Selain itu banyak sekali interaksi di dunia maya yang seperti ‘sampah’ atau ‘noise’. Ibarat tong kosong nyaring bunyinya. Banyak komentar yang bukan hanya tidak bermutu dan tidak ada manfaatnya, tetapi juga seksis. Komentar yang diklaim bercandaan tetapi faktanya menjadikan perempuan obyek obrolan yang tidak sehat.

Misalnya sering kali ketika saya berbagi informasi kegiatan PerempuanWP, komentar yang masuk di artikel yang saya sebarkan adalah bahwa PerempuanWP ibarat ‘kolam’ untuk memancing ikan, dan ikan yang dimaksud adalah perempuan untuk dijadikan pacar atau istri. 

Contoh lain adalah komentar mendiskusikan mengenai kota Bangkok, kota tempat WordCamp Asia 2021, sebagai kota yang menawarkan kemudahan menggunakan jasa prostitusi dengan murah. 

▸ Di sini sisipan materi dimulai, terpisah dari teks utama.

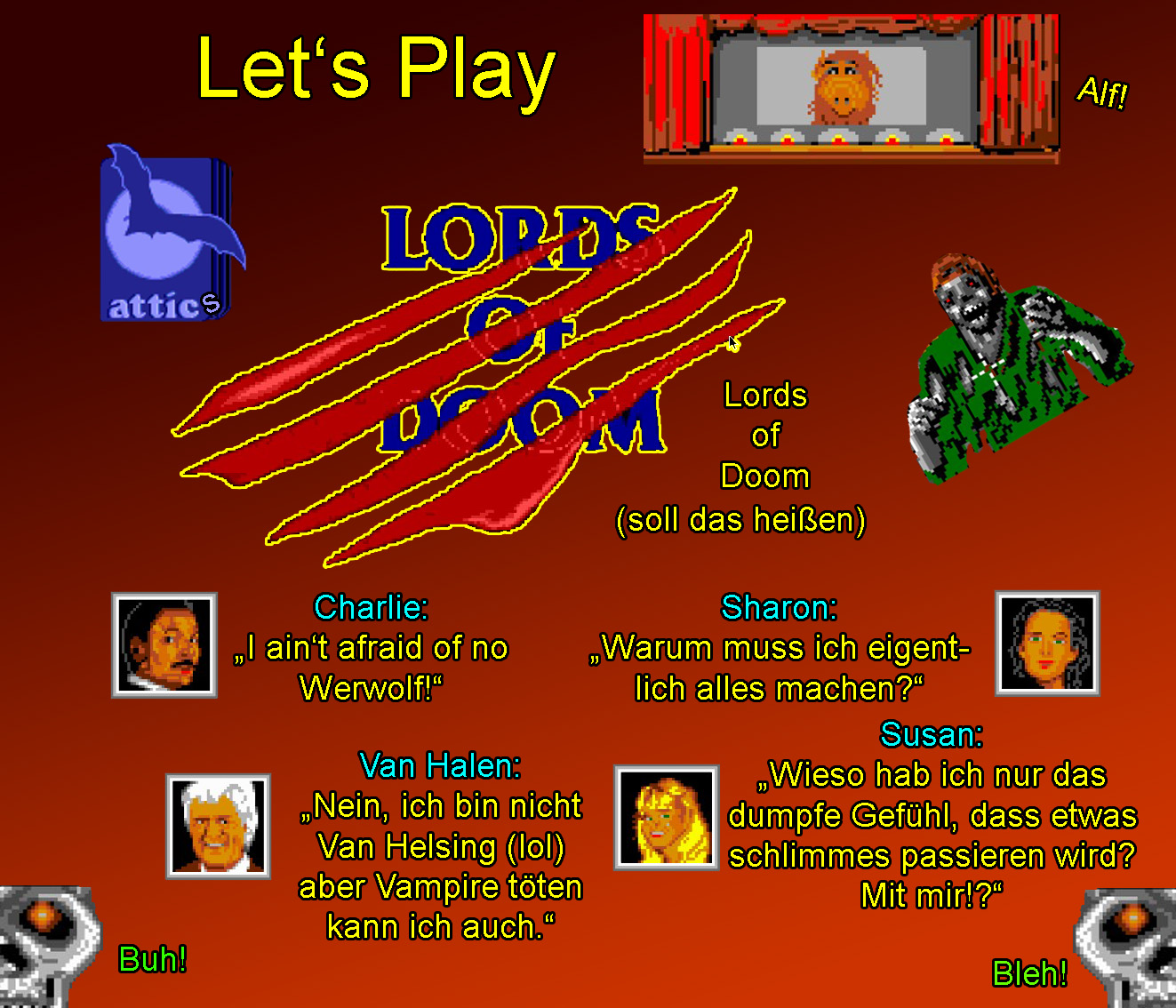 (Wappentiere der Staufer und somit auch von Friedrich Goldbart). "Monster in town" Video-Update 15: Geht doch! Alexander ist nun nicht nur König von Airath (mal wieder) sondern auch von Oghantar und Annathar sicher auch (mit Eneyas Hilfe). Da diese epische Thron-Besteiger-Geschichte nun beendet ist, beginnen wir sogleich eine neue. Diesmal geht es wieder auf den DACHBODEN, alten Spielern auch bekannt unter der englischen Bezeichnung ATTIC. Ja, sie haben noch mehr gemacht! ;D Lords of Doom ist ein Spiel, welches ich damals auf einer Compilation CD besaß; genannt "Games, Games, Games: Volume 5". Mit dabei waren noch Zak McKracken, MadTV, Lollypop und Traders. Lords of Doom war das einzige Adventure/Rollenspiel darauf und damit automatisch mein heimlicher Favorit. Da ich aber keine Ahnung hatte was man alles machen musste um weiterzukommen, blieb es meist dabei ein bisschen durch die Stadt zu latschen und sich dann von Werwölfen, Mumien, Zombies und / oder Vampiren abmurksen zu lassen. Ich war ja froh, dass ich herausgekriegt habe wie man das Küchenmesser (!) als Waffe einsetzen konnte. Außerdem fand ich es arg unheimlich durch eine leere Stadt zu schlurfen und dann muss man noch Essen und Trinken! Es war also nur eine Frage der Zeit bis ich es endlich mal vernünftig durchspielen würde. Diese Zeit ist nun gekommen. Begleiten wir also die, bis zu 4, Charaktere in einer menschenleeren Geisterstadt, in der welcher die vier "Lords of Doom" (Titledrop!) ihr Unwesen treiben. Es obliegt unserer heiteren Bande diese Kreaturen des absolut Bösen auf klassische Arten (Feuer vs. Mumien, Pflock vs. Vampir, Silberkugeln vs. Werwölfe und geweihte Erde (?) gegen Zombies) von ihrem Untoten/Monsterdasein zu erlösen. In vieler Hinsicht erkennt man ständig, dass die Macher der Nordlandtrilogie auch dieses Spiel fabriziert haben. Sei es der typische ATTIC-Humor (leider ohne Käsetoast-Referenzen), die Optik oder das Gameplay. Es fühlt sich einfach nach ATTIC an. Und das ist sicher nicht das schlechteste! Also auf zum fröhlichen Monsterjagen!

Cerita di atas adalah fakta yang sebagian besar telah ditindaklanjuti dengan diberi peringatan dan dihapus. Selain itu kebanyakan komentar-komentar seksis dan tidak bermanfaat dilakukan oleh kontributor laki-laki yang tidak hanya senior atau dipandang oleh anggota komunitas, tetapi juga mungkin sudah berkeluarga atau akunnya menggunakan foto profil dan nama yang bersifat religius. DAN, semua hal tidak sehat tersebut dilakukan di platform atau dalam konteks diskusi yang menggunakan nama “WordPress” di dalamnya. 

Jika hal di atas tidak dianggap hal yang serius oleh seluruh anggota maka ketidakadilan gender akan terus terjadi di dalam komunitas WordPress. Perempuan dan SIAPA PUN harus ditempatkan di dalam komunitas sebagai bagian yang bisa berperan dan berkontribusi sama dengan anggota komunitas laki-laki. Perempuan dan SIAPA PUN harus dihargai bukan karena gendernya atau fisiknya tetapi karena kualitas kerja dan kontribusinya. 

-Devin Maeztri, Inisiator PerempuanWP

Pengalaman setiap orang di bidang teknologi memang berbeda-beda. Tetapi banyak perempuan yang mempunyai pengalaman buruk, karena lingkungan yang seksis dan merendahkan perempuan. Mari bersama-sama kita membuat komunitas WordPress dan teknologi yang inklusif, aman, dan nyaman untuk semua orang!